Overview
Note that this is an under development, draft article.
This article summarizes the concept for an FPGA-based machine learning / inferencing module utilizing an Altera Agilex 3 device. The system would initially be realized as a daughter board for the Betsy™ maker board.
Figure 1 below depicts the machine learning architecture with Betsy, a GigE daughter board, and an external PC performing real-time inferencing for network and other applications. Although the Betsy Cyclone 10 LP is well suited for general network processing, data collection, and vector / tensor generation, it most likely lacks a suitable DSP architecture for real-time inferencing except for simple cases.
Note that the "Machine Learning Engine" block shown below is responsible for pre-processing of network data and generation of vectors / tensors to transfer to an inferencing engine.
Figure 2 depicts a self-contained machine learning architecture utilizing a real-time inferencing daughter board with Betsy. In this system scenario, the Cyclone 10 LP is directly transferring vectors / tensors to the Inferencing Daughter Board via its local high speed bus across the daughter board connectors.
Presentation Slides
The following slides were presented to the UNF IEEE group on 4/15/26.
The slide above mentions some of the design issues, such as required bandwidth and bus implementation. Other issues include:
- Which Agilex 3 devices can be procured during the summer of 2026?

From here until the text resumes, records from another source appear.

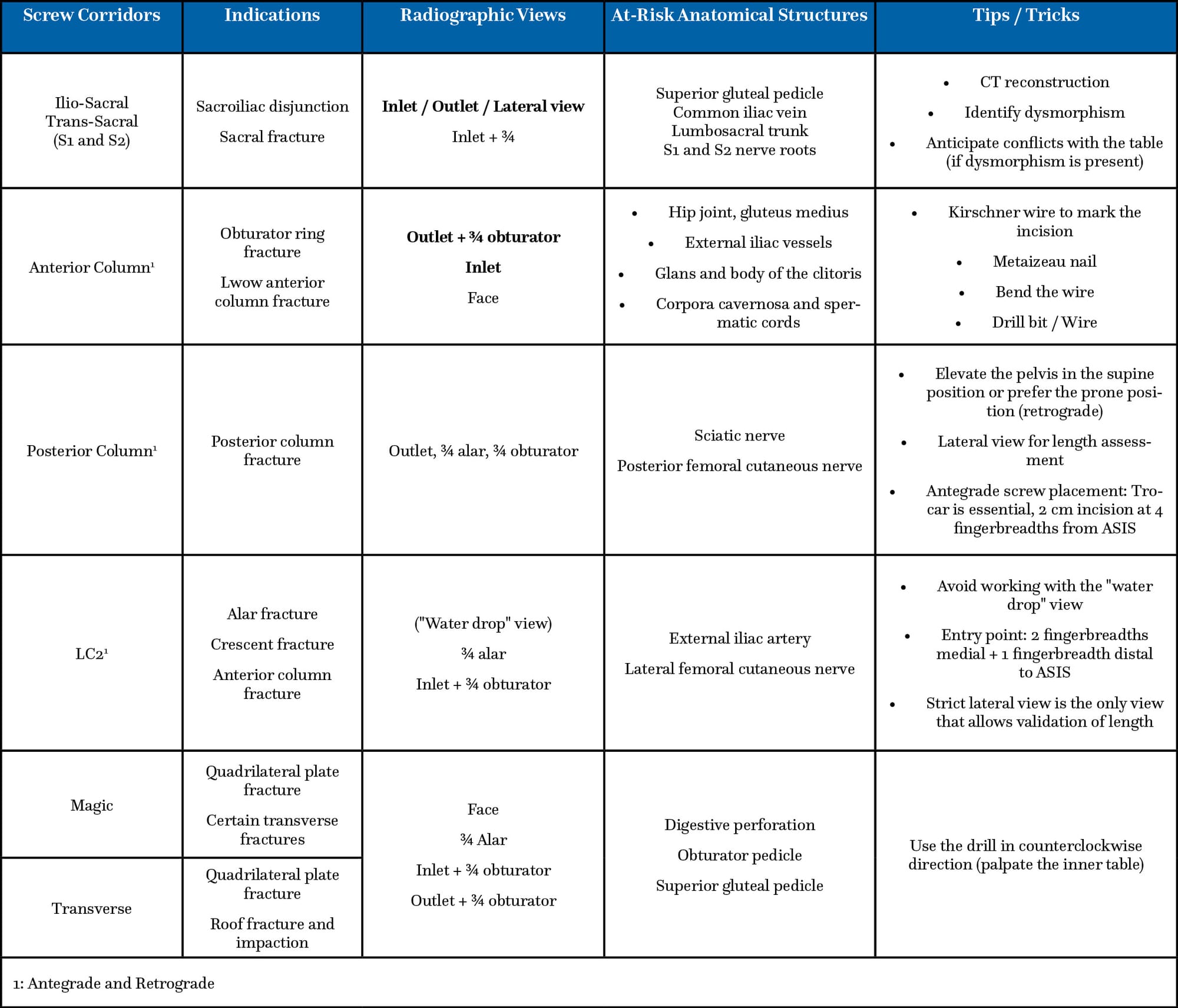 The various fixation corridors, their indications, the required radiographic views, as well as the anatomical structures presenting a risk of adjacent complications, along with techniques and potential aids to facilitate their implementation, are described for each of them in the following paragraph and summarized in Table 1.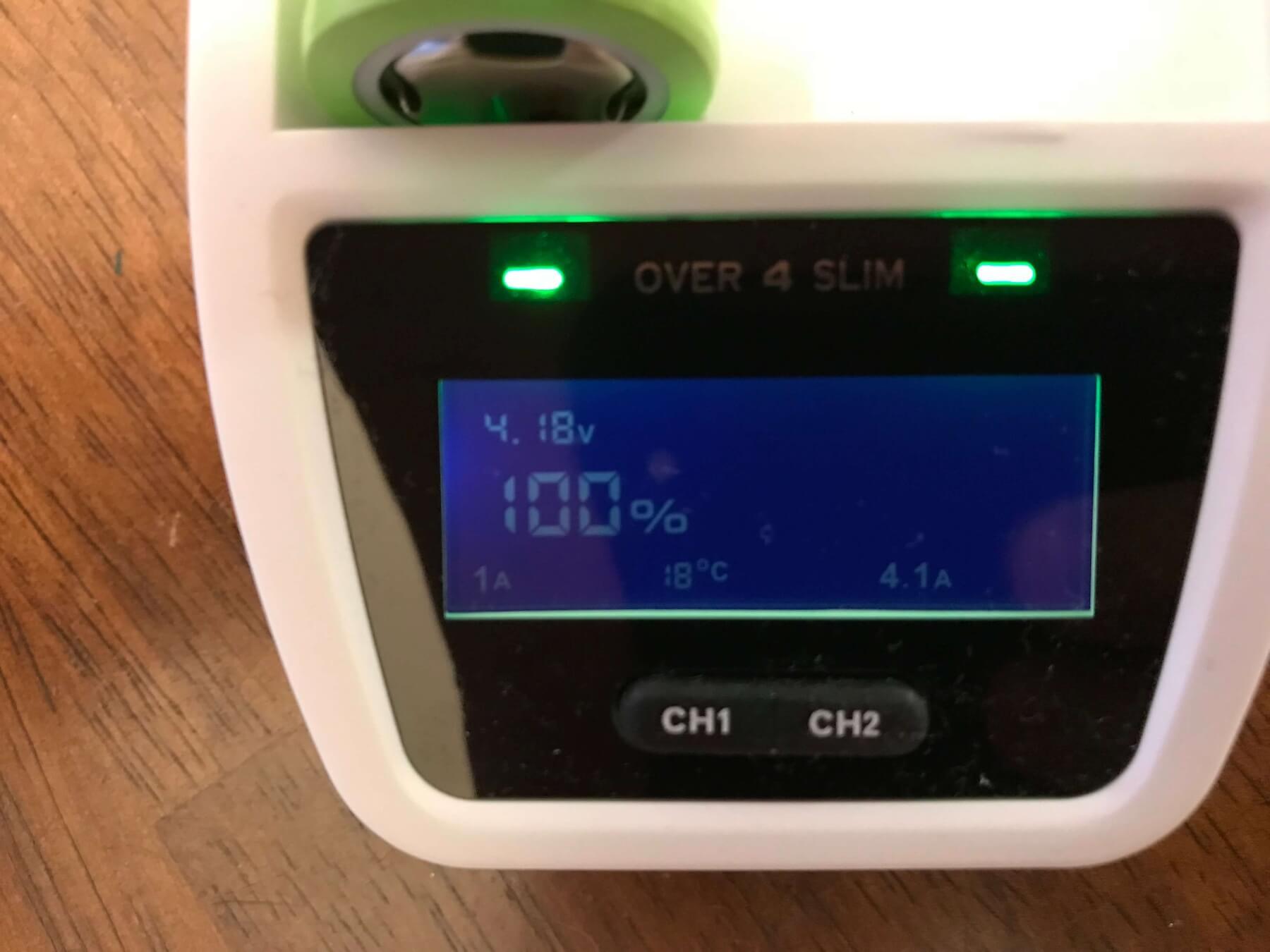 Aside from being able to charge cells quickly, the Over 4 Slim can also output loads of current. There are two USB outs, which are each capable of 2.4A. I was able to test these individually, but not concurrently. I can confirm that they are both capable of 2.4A, and voltage only dips to around 4.7-4.8V. Above 2.4A, the output drops out and turns off.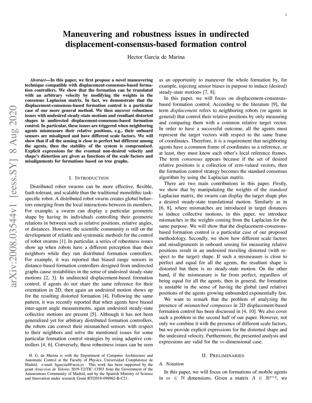 In this paper, we first propose a novel maneuvering technique compatible with displacement-consensus-based formation controllers. We show that the formation can be translated with an arbitrary velocity by modifying the weights in the consensus Laplacian matrix. In fact, we demonstrate that the displacement-consensus-based formation control is a particular case of our more general method. We then uncover robustness issues with undesired steady-state motions and resultant distorted shapes in undirected displacement-consensus-based formation control. In particular, these issues are triggered when neighboring agents mismeasure their relative positions, e.g., their onboard sensors are misaligned and have different scale factors. We will show that if all the sensing is close to perfect but different among the agents, then the stability of the system is compromised. Explicit expressions for the eventual non-desired velocity and shape's distortion are given as functions of the scale factors and misalignments for formations based on tree graphs.
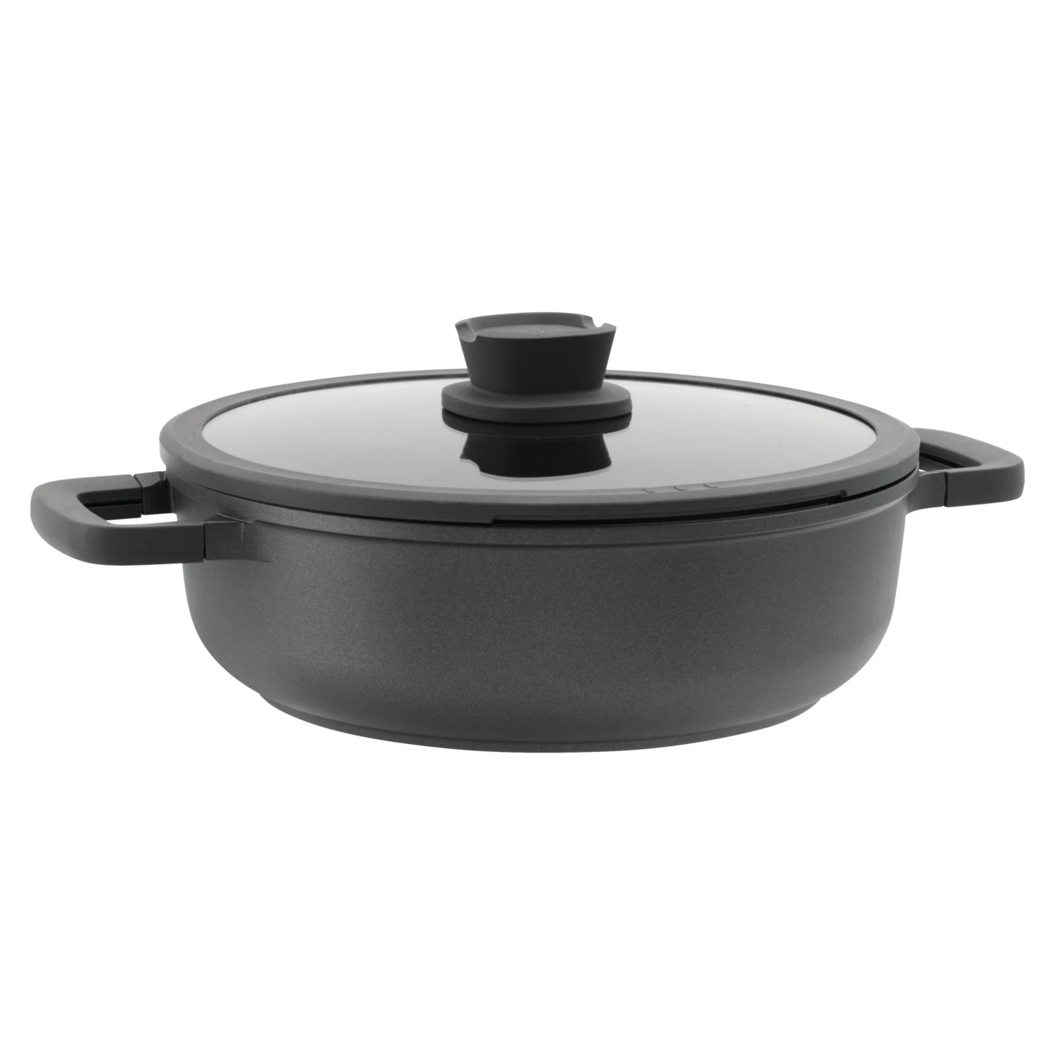 When you’re thinking of making a tasty risotto or sautéing some potatoes for dinner, but don’t want to spend ages cleaning up afterwards, this covered sauté pan is the perfect partner. Its cast aluminium body ensures a fast and even heat distribution on any kind of cooktop, including induction, and is covered with a high-quality non-stick coating that not only allows you to cook with a minimal amount of oil but also makes the pan a breeze to clean. Add to this the soft-touch handle and the clear glass lid that’s equipped with a drain hole for easy straining and spoon rest function, and you’ve got a piece of cookware that’s sure to make your life easier!

- Power conversion requirements for the Agilex 3 device to meet all voltage rail and sequencing requirements
- LPDDR4 design (if required)
Regarding the ball locatons for the VPBGA, Altera provides a spreadsheet that defines the X,Y location of each package ball. The expectation is that the package does not require HDI PCB technology, such as VIP (VIA-in-PAD) and blind & buried VIAs. This requires validation.
The slide above, which provides the Altera AI Design Flow, conveys the following information:
- The design flow supports all major AI frameworks for model creation, such as PyTorch and Keras.
- The OpenVINO framework converts the AI model to an Intermediate Represenation (IR Data).
- Using the FPGA AI Suite, the OpenVINO model can be targeted at a particular Altera FPGA. The model is integrated and compiled with the rest of the design using Quartus Prime Pro and ultimately instantiated on the FPGA device.